No one spoke in praise, either.
"I am a little surprised no one had anything to say," Committee Chairman Peter Ensel said.
"I don't know if it is because they think we did such a good job or because there is just a lack of interest. I hope it's the former and not the latter."
Only one person from the public showed up, and the hearing was closed after four minutes of silence.
The committee was hoping to hear comments about the plan to re-draw the city's six wards. By law, the city must redistrict its voting wards based on figures from the 10-year U.S. Census, which occurred in 2010.
The census showed the city had 19,989 people, putting the average for each ward at 3,332. The committee was allowed to deviate from the average by 5 percent below and above.
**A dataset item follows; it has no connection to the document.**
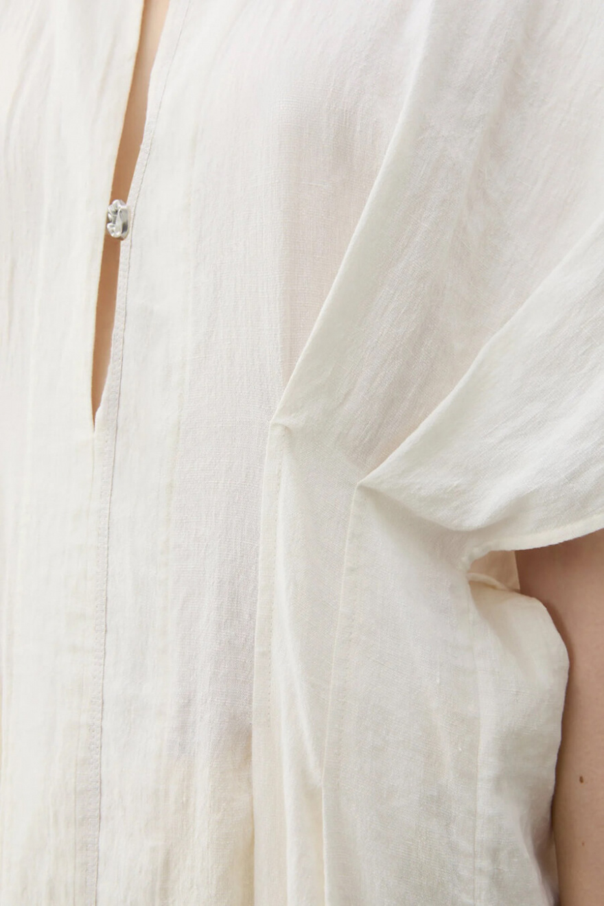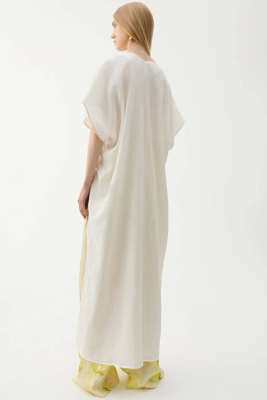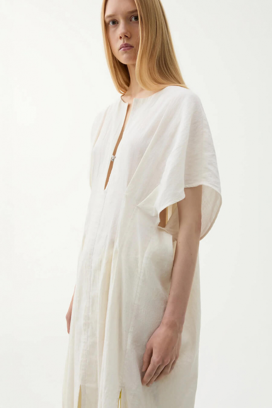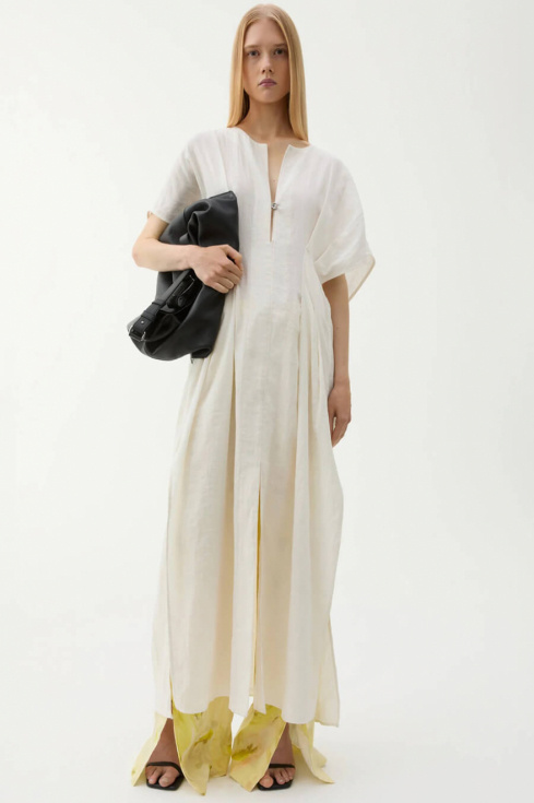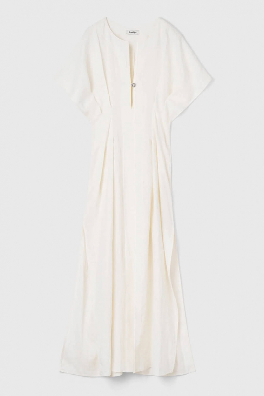 Luftig och elegant – denna klänning i linneblandning är sommarens självklara val. Med sin avslappnade silhuett och subtila detaljer blir den lika rätt på semestern som i stan. Kombinera med sandaler för en look som känns både lätt och lyxig.Maxiklänning i en linneblandning med veckade detaljer i midjan, avslappnad passform, stängs med en knapp fram, slitsar fram och i sidan från Rodebjer.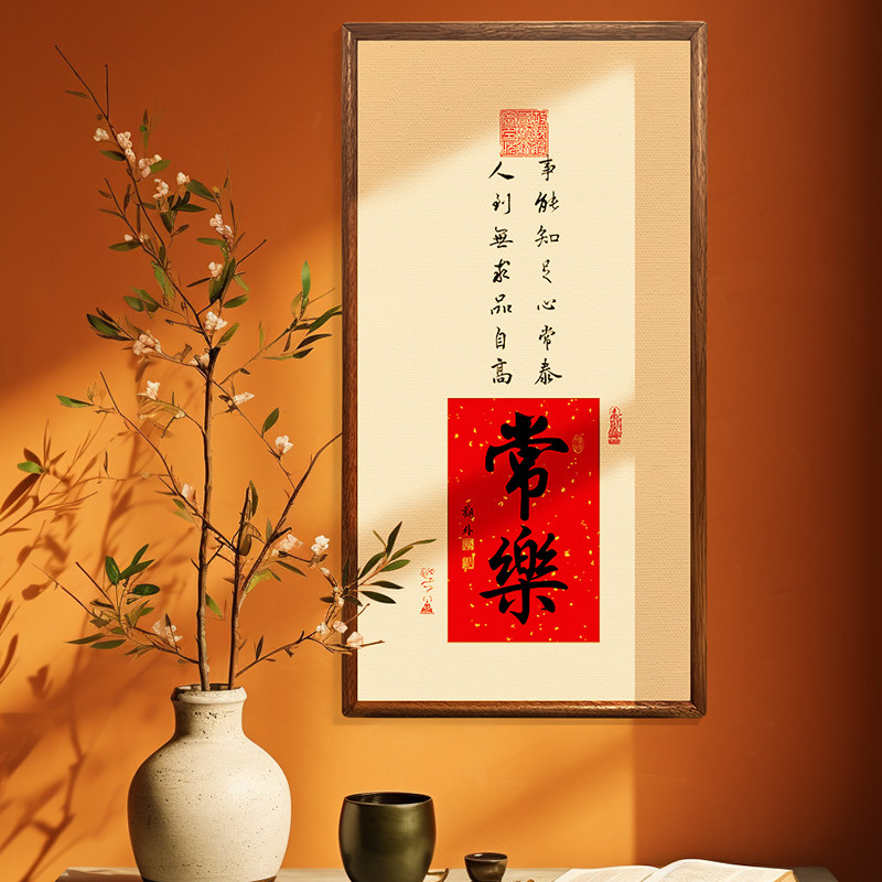 📚 欢喜常乐实木字画挂画书法画框客厅卧室暖居摆件寓意美好装饰画

The range was between 3,165 and 3,498 people.
Wards 2 and 3 presented the biggest challenges, as Ward 2 had 4,495 people and Ward 3 had just 2,904. Ward 2 experienced significant growth in recent years as the former Plattsburgh Air Force Base property was developed and included in that area.
To even out the wards, the committee moved two SUNY Plattsburgh dormitories on Rugar Street from Ward 2 into Ward 3.
The committee is allowed to make changes to the plan based on public-hearing comments and then submit its final product to the Common Council. The councilors can approve the plan as is or make suggestions and send it back to the committee.
Councilor James Calnon (Ward 4), who served as liaison to the committee, said the plan is not controversial and seems acceptable.
"I assume we will probably approve it, if not in its exact form, something very close to it," he said.
Mayor Donald Kasprzak, who along with Calnon and Councilor Chris Jackson (D-Ward 6) attended the public hearing, said he was a little surprised no one showed up.
"But I think the public understands that the committee did a good job and came up with a fair plan," he said.
Once approved, the plan will take effect for the 2013 election.
"It's important for people to know that this has nothing to do with the election we have coming up in November," Calnon said. "It's for next year."
The mayor's post and the six council seats are all up for election in 2013.